One of the earliest attempts to employ a deep neural network to tackle (LN) problem was [15], which demonstrated the importance of a pre-trained language model and enhanced the Bidirectional Encoder Representations from Transformers for Language Understanding (BERT) by adding word piece tokenization and word piece alignment. Their performance on the lexnorm2015 dataset yielded an F1-score of 79.28%. [28] uses mBART [23] to translate a full sentence with unnormalized tokens to a normalized one. The main advantage of using mBart is that it can scale to multiple languages without increasing computational demands. The model obtained an average Error Reduction Rate (ERR) across languages of 10.65, where (ERR) is a proposed evaluation metric that can be used to compare the performance of systems across multiple datasets [12]. ÚFAL [29] achieved 67.3% (ERR) on the Multilingual Lexical Normalization (MultiLexNorm) shared task at W-NUT 2021 [12] by training the multilingual byte-level generative language model ByT5 [30] on synthetic data and subsequently fine-tuning it. Unlike the previous research, the aim of this study is to find a small yet generative model to solve the (LN) task. We investigate a word-to-character translation as remedy for lexical normalization solution since various word normalizations frequently work independently of one another while there is a major reliance on word characters while normalizing.

3 Background

A typical neural machine translation system consists of an encoder that converts all input sequences to a fixed-length representation, a decoder that generates the output sequence using the encoded fixed-length representation, and an attention layer that addresses word alignment and improves translation performance. The first suggested sequence to sequence model used Long Short-Term Memory (LSTM) [31] for both encoder and decoder [32], and the first attention mechanism was additive attention [18]. It computes the attention score using a single-hidden-layer feedforward neural network with a softmax function, then generates the requisite fixed-length vector via weighted sum of all the input sequences; this fixed-length vector becomes the input to the decoder at a particular time. Multiplicative attention is another attention technique [33]. It, like additive attention, uses all encoder output with the decoder's current state and computes the score using simple matrix multiplication.

While both attention mechanisms are equivalent in complexity, multiplicative attention is faster in practice due to well optimized matrix multiplication software libraries, and it is more space efficient.
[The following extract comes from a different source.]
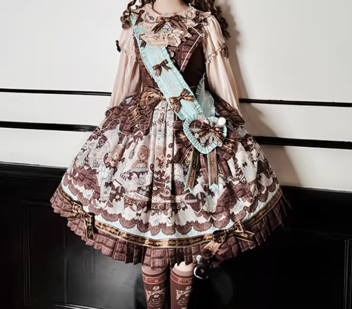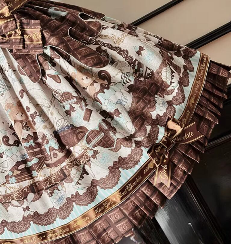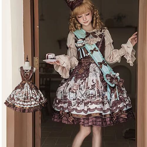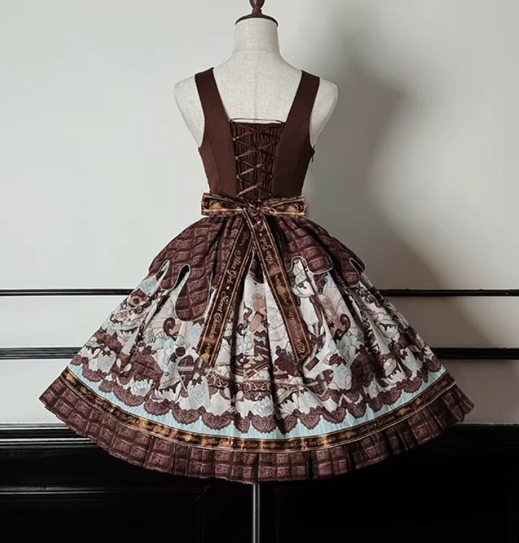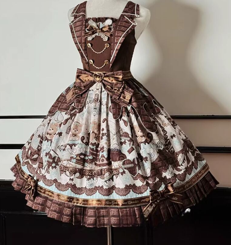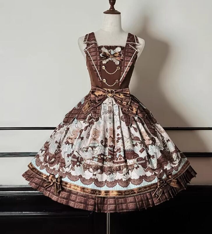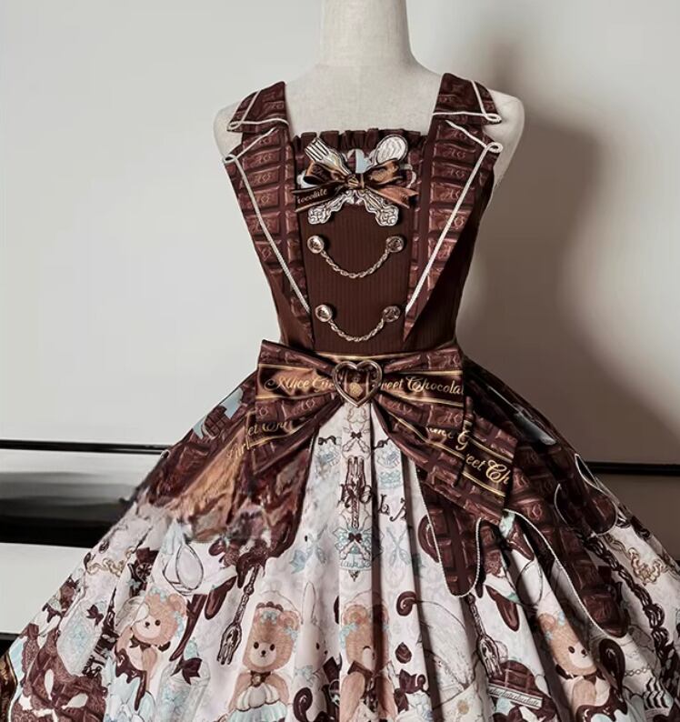 【納期6月上旬】甘ロリ ジャンパースカート のみ くまさん クマちゃん クマさん チョコレート チョコ プリント ショート丈 膝上 童話風 ガーリー レディース イベント

Following this study, the transformer model [19] is presented; it is based on multi-head scaled dot product self-attention. The transformer allows parallelization and avoids vanishing and exploding gradients for long sequences since it analyses the full sequence at once rather than word by word.

The main building blocks of the transformer are the multi-head scaled dot product self-attention, position encoding, position-wise feed-forward network, residual connection, and layer normalization. In the following section, we discuss those building blocks in more detail.

3.1 Scaled Dot Product Self-attention

The closest example of self-attention is seen in information retrieval systems, where a user query is mapped against a set of keys to discover the best-matched data. Similarly, the self-attention function maps a query vector against a set of key vectors, then applies the Softmax function to get a score that can be applied to a value vector.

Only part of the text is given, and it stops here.